I just read an article by Maarten Boudry, where he argues that the practice of spotting and pointing out fallacies is over-used in the skeptical community.
https://maartenboudry.blogspot.com/2017/06/the-fallacy-fork-why-its-time-to-get.html
Spotting fallacies has long been popular in skeptical movements, but personally I've never had much time for them. There's so many fallacies, often with non-descriptive names and unclear descriptions, and it seems more like a game of "fit the fallacy to the argument" than actual productive critical thinking.External Quote:
In popular books about skepticism and in the pages of skeptical magazines such as this one, one commonly finds a concise treatment of the most common types of fallacies. The traditional classification is widely known, often by its Latin name: ad hominem, ad ignorantiam, ad populum, begging the question, post hoc ergo propter hoc. Some of them are more obscure, such asignoratio elenchi, affirming the consequent, secundum quid, and ad verecundiam, better known as 'argument from authority'.Most of them date back to the days of Aristotle, others are relative newbies, like the slippery slope fallacy, the genetic fallacy or – for obvious reasons – the reductio ad Hitlerum.
Such lists serve a pedagogical purpose. By learning the most common types of reasoning errors, you will avoid making them yourself, and become better at spotting them when others do. It's a kind of inoculation against irrationality. If only people would learn the list of fallacies, the world would be a far more rational place!
Except this neat little story is wrong.
There's really only one fallacy worth remembering - the one that encompasses all the others. The non sequitur.
Non sequitur is latin (for "it does not follow"), but it's now english, commonly understood to mean a statement that does not follow from what came before - often just an odd utterance by the socially inept. In logic and philosophy it more formally means a conclusion or belief that is not justified by (or does not follow) the premises.

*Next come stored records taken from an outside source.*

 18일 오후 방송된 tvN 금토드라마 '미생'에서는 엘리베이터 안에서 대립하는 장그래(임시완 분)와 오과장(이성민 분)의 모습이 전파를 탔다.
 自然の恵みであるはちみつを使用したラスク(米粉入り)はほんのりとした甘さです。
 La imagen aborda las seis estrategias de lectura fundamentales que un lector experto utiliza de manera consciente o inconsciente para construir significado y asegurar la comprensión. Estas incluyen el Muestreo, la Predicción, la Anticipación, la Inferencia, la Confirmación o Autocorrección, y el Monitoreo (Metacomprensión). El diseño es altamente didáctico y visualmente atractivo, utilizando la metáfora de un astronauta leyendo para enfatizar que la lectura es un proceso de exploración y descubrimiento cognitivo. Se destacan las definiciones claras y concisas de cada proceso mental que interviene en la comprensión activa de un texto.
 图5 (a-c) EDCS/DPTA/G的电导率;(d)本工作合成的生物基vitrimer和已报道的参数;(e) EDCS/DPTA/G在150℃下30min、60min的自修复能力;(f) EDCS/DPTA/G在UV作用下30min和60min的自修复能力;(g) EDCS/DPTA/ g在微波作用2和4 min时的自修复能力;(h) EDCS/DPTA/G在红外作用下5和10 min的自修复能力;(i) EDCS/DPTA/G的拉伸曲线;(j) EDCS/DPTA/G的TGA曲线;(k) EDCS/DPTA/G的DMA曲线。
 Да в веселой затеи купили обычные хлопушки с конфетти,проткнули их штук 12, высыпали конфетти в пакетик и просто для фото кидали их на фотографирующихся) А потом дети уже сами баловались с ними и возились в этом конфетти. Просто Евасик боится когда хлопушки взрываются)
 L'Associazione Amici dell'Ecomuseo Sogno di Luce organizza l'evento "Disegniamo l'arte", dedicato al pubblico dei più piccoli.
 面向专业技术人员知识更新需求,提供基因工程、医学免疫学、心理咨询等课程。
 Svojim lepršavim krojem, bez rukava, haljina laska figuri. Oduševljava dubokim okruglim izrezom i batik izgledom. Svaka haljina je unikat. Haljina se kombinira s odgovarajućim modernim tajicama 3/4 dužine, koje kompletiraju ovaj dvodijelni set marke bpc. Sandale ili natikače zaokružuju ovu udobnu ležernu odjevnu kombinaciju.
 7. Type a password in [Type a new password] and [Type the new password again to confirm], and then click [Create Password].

Take the famous ad hominem fallacy. Attacking the person instead of the argument. A plain reading of this would tell us that we must judge arguments on their own merits, not on the character, status, or history of the person giving the argument. Yet in the real world if we are to pit arguments of a chronic liar who has tried to hurt us, against a wise and reliable friend, then we pick the latter with great justification. It does not follow that any two arguments are equally worthy of consideration.

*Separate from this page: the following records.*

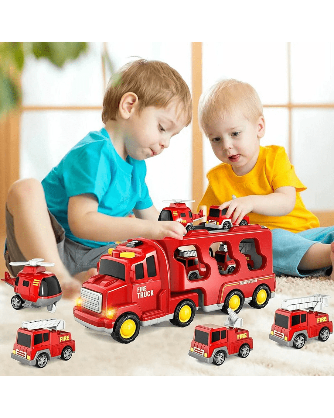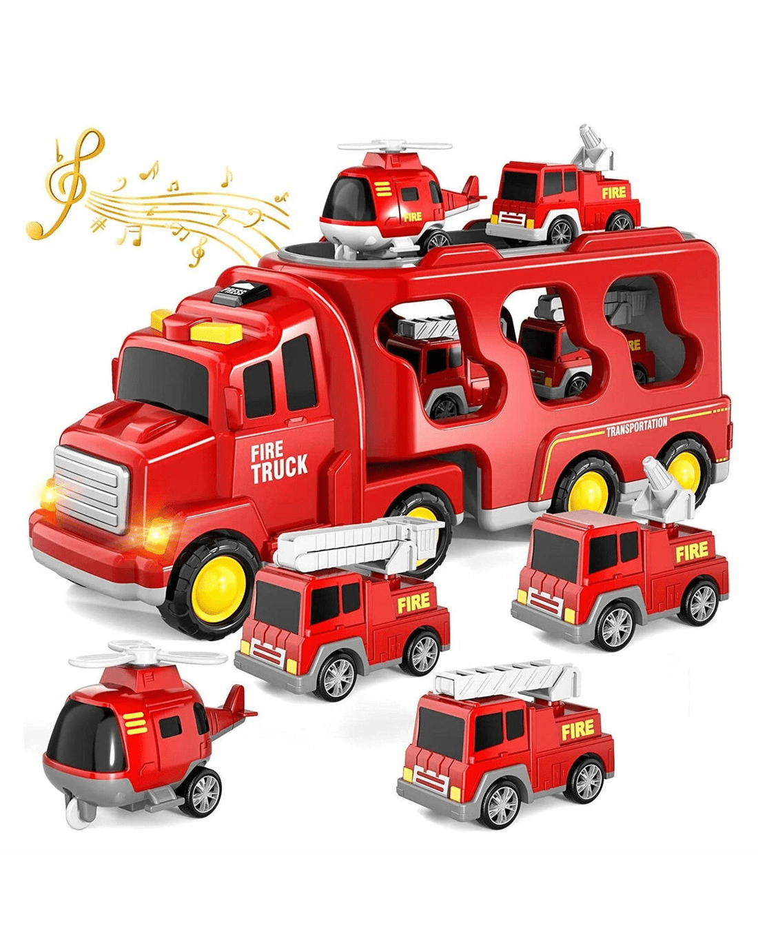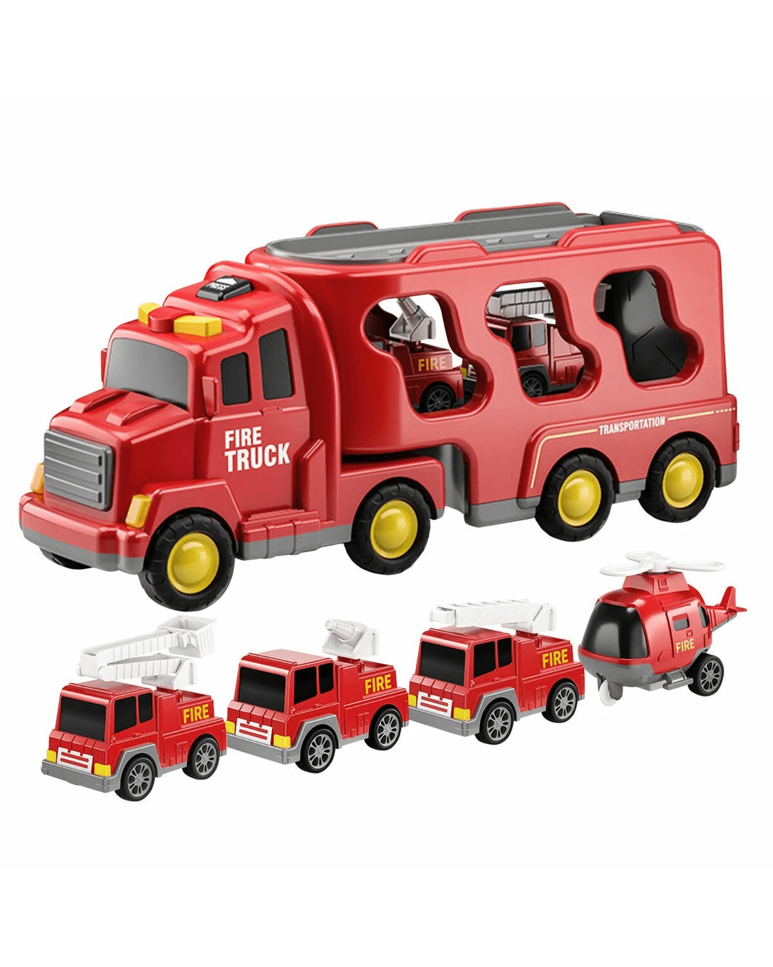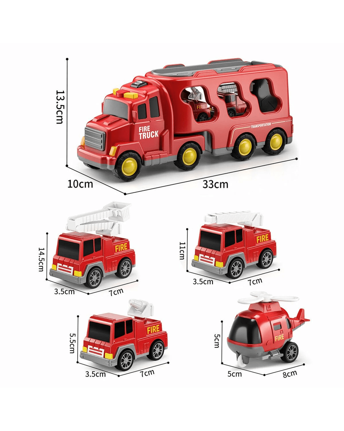 AUSWAY 5 In 1 Fire Carrier Truck Toy Car Set Toddler
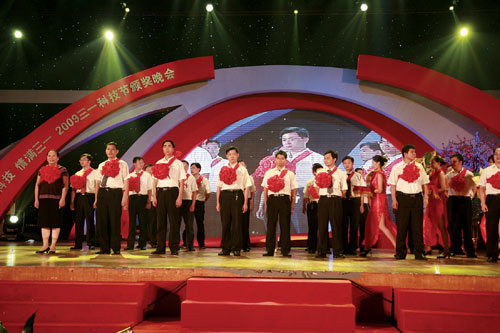 相比晚會上的娛樂明星們,當晚最耀眼的明星則是胸帶大紅花、笑容燦爛的三一研發工程師們。
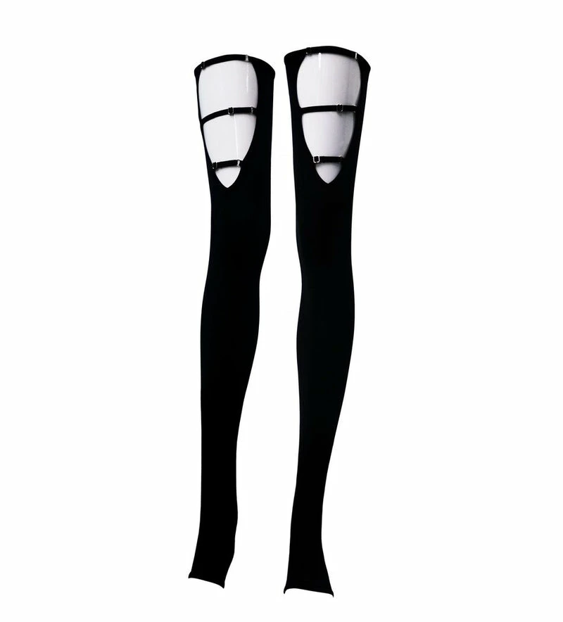 Thigh high stirrup leg warmers with adjustable strappy cage detail. These are a must!
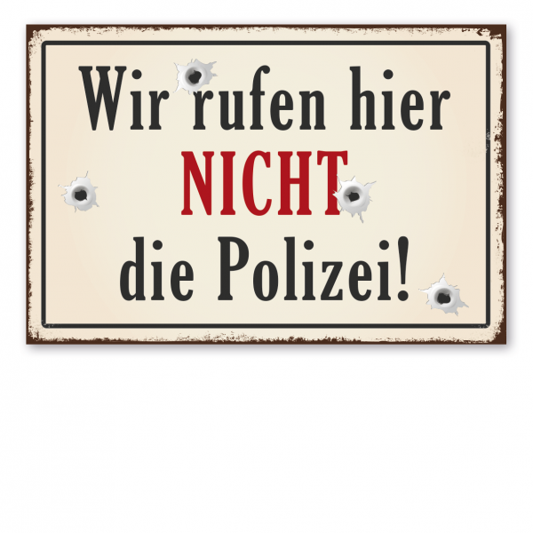 Merkmale des Retro Schildes / Vintage Schildes Wir rufen hier nicht die Polizei - VIN-877:

Like most people, I strive to reach correct conclusions. I know that examples of these fallacies are real, but I don't use the classification of arguments according to fallacies as a tool. I simply ask "does it follow?". The answer is often complicated and messy to resolve, but I never felt I was missing anything by failing to check the hundreds of possible fallacies in the list.
So Maarten Boudry's article rang a bell for me. While it might not be time to "get rid of fallacy theory" in its entirety, it may well be time to rein it in and acknowledge that it's more of an interesting classification scheme for non sequiturs than an actual aid to critical thinking.